## Assignment
The required result is an exact copy of every line from the one with "Messi leads the" through the last line below, with the pictures left out.

## Information provided
····················
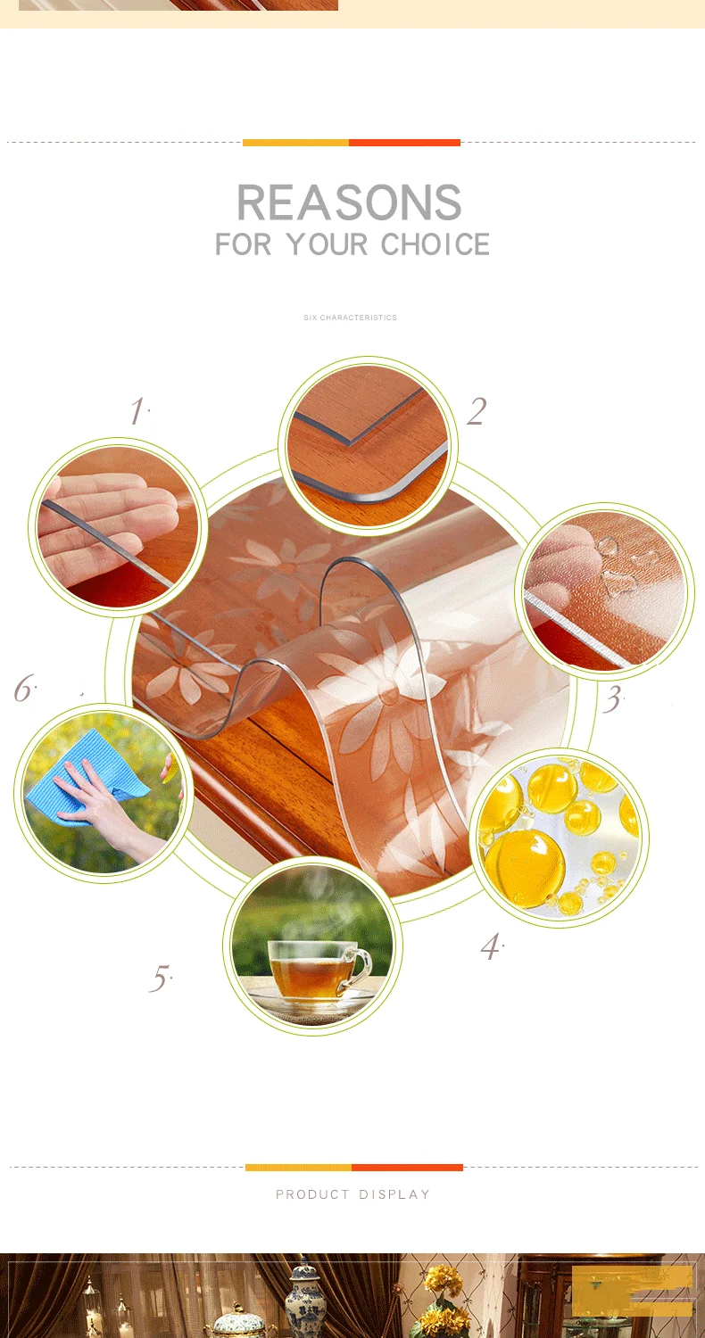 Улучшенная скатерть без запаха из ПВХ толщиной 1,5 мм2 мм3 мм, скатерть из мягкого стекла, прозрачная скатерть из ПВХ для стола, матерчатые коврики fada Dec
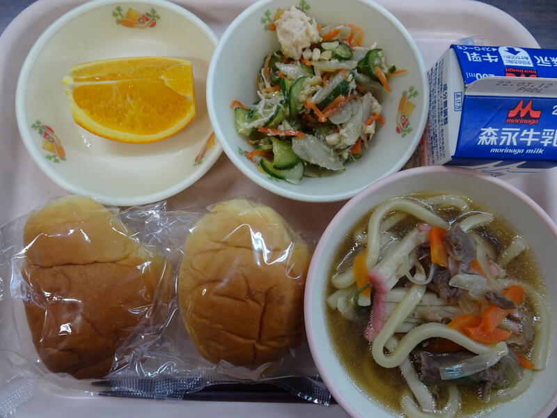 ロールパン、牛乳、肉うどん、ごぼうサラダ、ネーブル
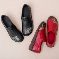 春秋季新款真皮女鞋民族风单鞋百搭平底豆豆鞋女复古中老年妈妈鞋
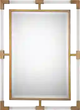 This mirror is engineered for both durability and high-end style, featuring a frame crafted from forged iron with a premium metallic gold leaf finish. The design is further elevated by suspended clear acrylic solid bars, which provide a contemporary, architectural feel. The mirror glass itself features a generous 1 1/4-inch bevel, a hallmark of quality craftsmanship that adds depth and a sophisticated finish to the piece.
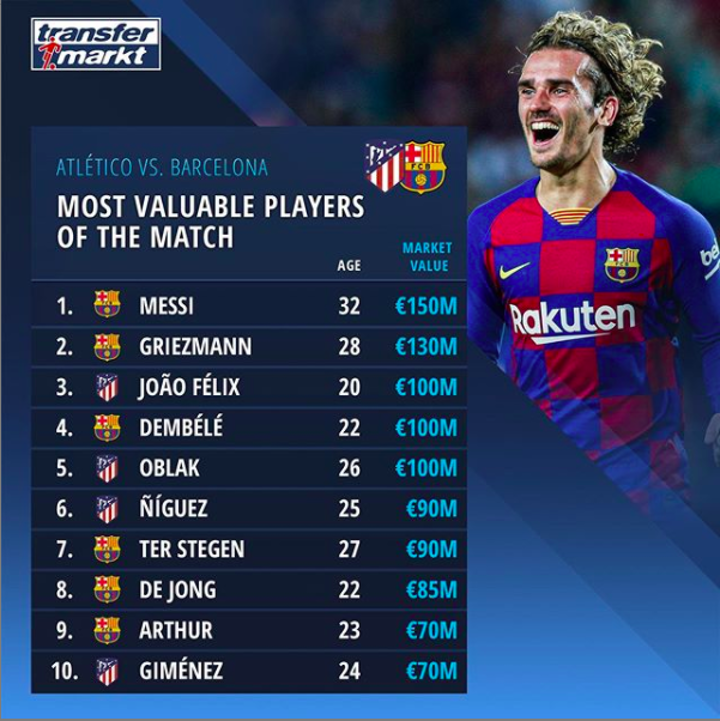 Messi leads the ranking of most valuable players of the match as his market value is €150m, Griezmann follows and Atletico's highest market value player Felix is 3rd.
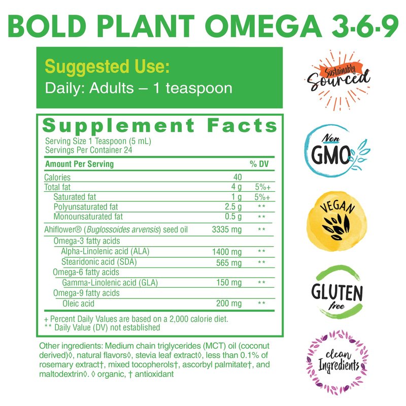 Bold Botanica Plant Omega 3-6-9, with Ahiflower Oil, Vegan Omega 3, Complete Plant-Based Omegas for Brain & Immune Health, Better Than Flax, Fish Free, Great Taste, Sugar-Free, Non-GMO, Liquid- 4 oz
····················
## Reply
 Messi leads the ranking of most valuable players of the match as his market value is €150m, Griezmann follows and Atletico's highest market value player Felix is 3rd.
 Bold Botanica Plant Omega 3-6-9, with Ahiflower Oil, Vegan Omega 3, Complete Plant-Based Omegas for Brain & Immune Health, Better Than Flax, Fish Free, Great Taste, Sugar-Free, Non-GMO, Liquid- 4 oz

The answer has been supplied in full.